▸ **SOURCE MATERIAL**

* * * * * * *

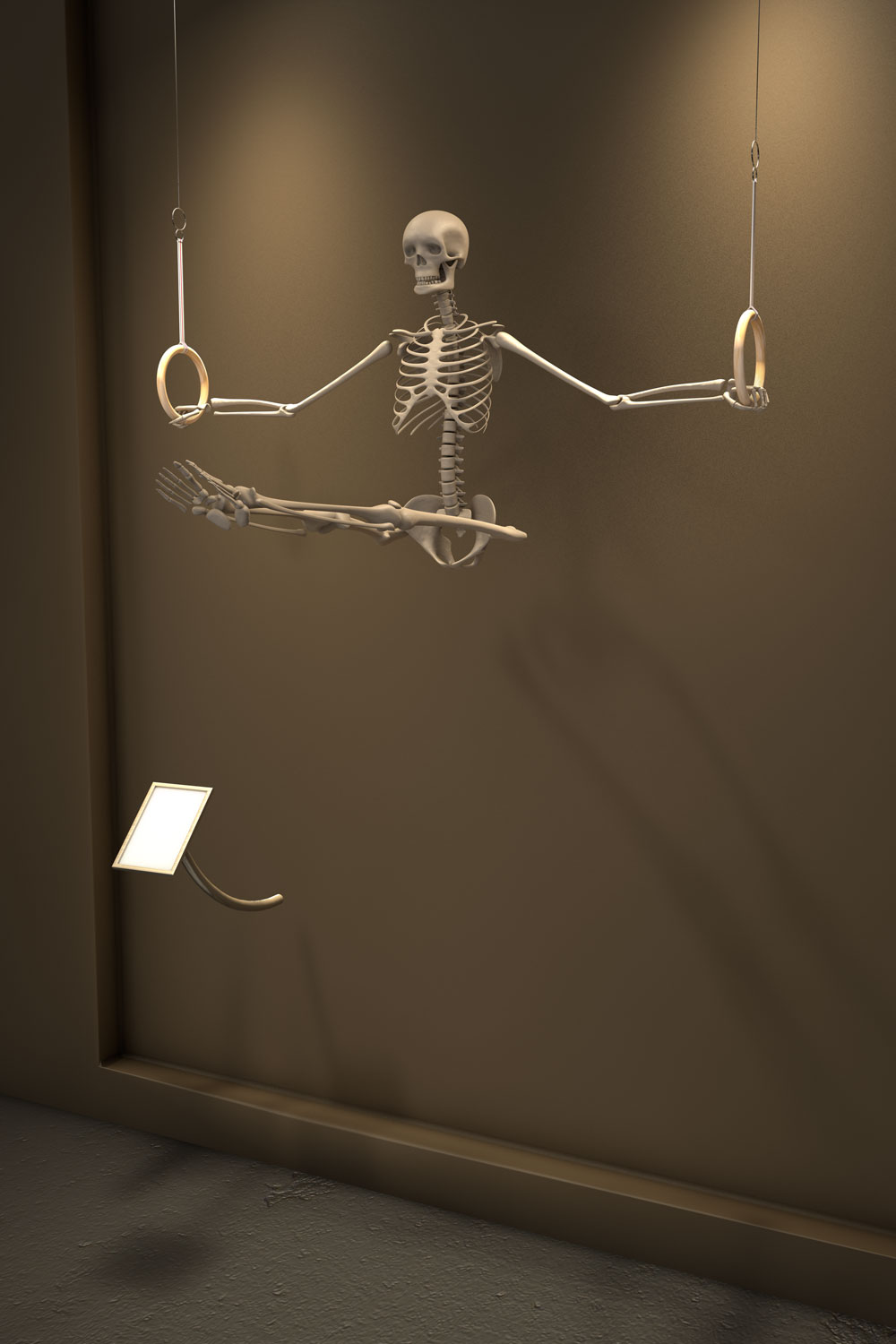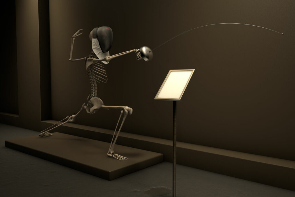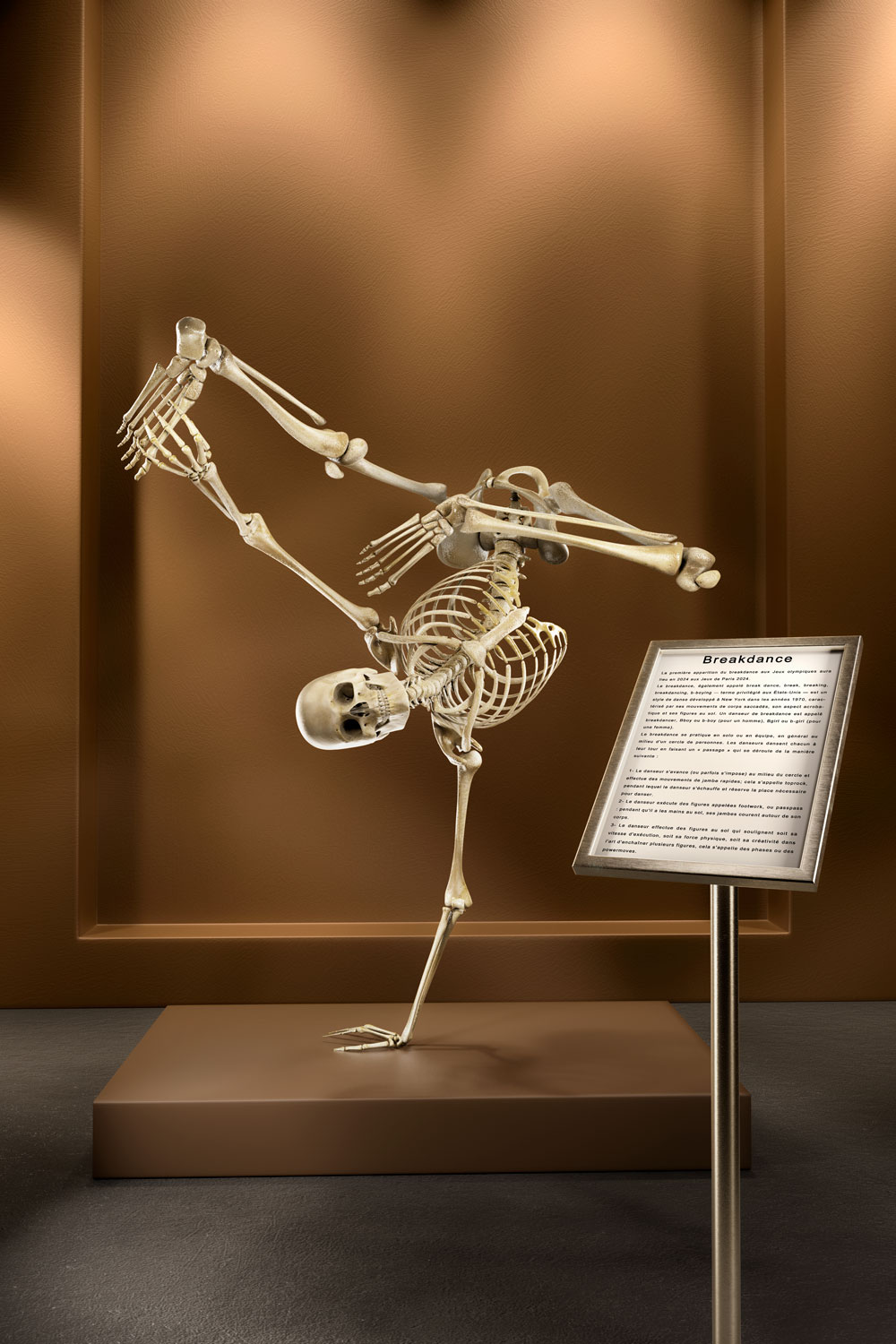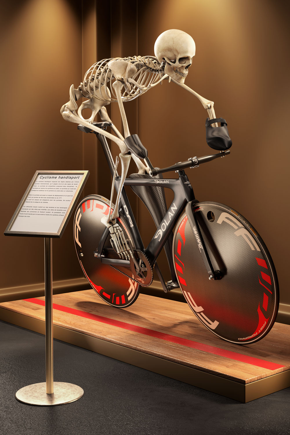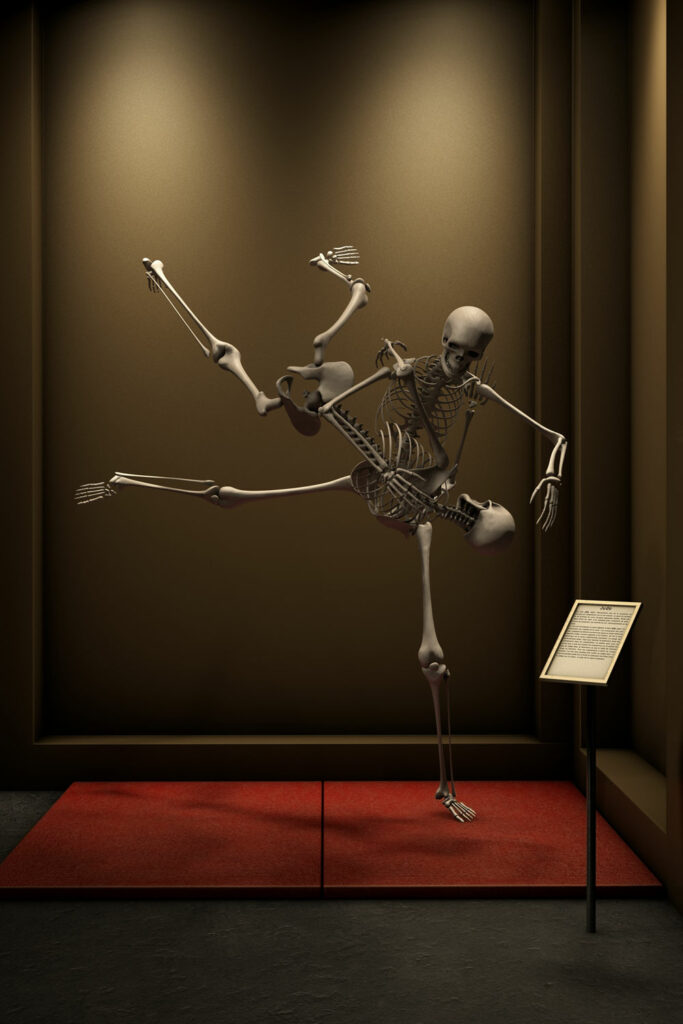 Le choix du squelette comme figure centrale permet de dépouiller le geste de toute identité individuelle pour en révéler l’essence pure. Il devient ainsi un symbole d’universalité et d’homogénéité humaine, mettant en lumière l’émotion brute du mouvement sportif.
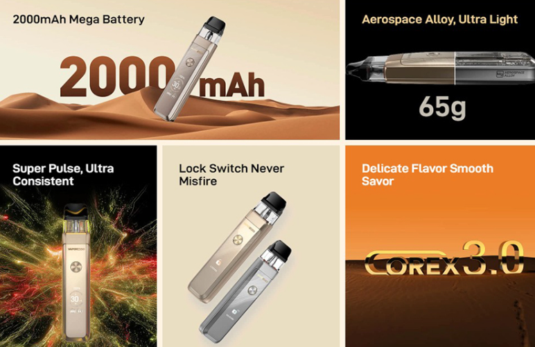 - Tecnología COREX 3.0: mejora la distribución del calor, la estabilidad del sabor y la duración de la resistencia.
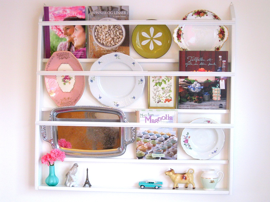 Sv: Hva i all verden har man på stueveggene??Tallerkenhylle med en pen samling fine tallerkener og fat syns jeg forresten er veldig kult. Blande forskjellige mønstre og tidsepoker feks. Eller ha de fineste bøkene i en sånn hylle.
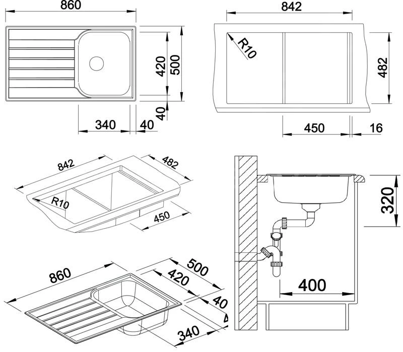 - oriëntatie spoelbak – dubbelzijdige uitvoering

* * * * * * *

Skip the pictures. Please copy exactly the lines from the one with "- Tecnología COREX" through the final line of the material above, both ends included.

▸ **SOLUTION FOR THIS EXERCISE**
 - Tecnología COREX 3.0: mejora la distribución del calor, la estabilidad del sabor y la duración de la resistencia.
 Sv: Hva i all verden har man på stueveggene??Tallerkenhylle med en pen samling fine tallerkener og fat syns jeg forresten er veldig kult. Blande forskjellige mønstre og tidsepoker feks. Eller ha de fineste bøkene i en sånn hylle.
 - oriëntatie spoelbak – dubbelzijdige uitvoering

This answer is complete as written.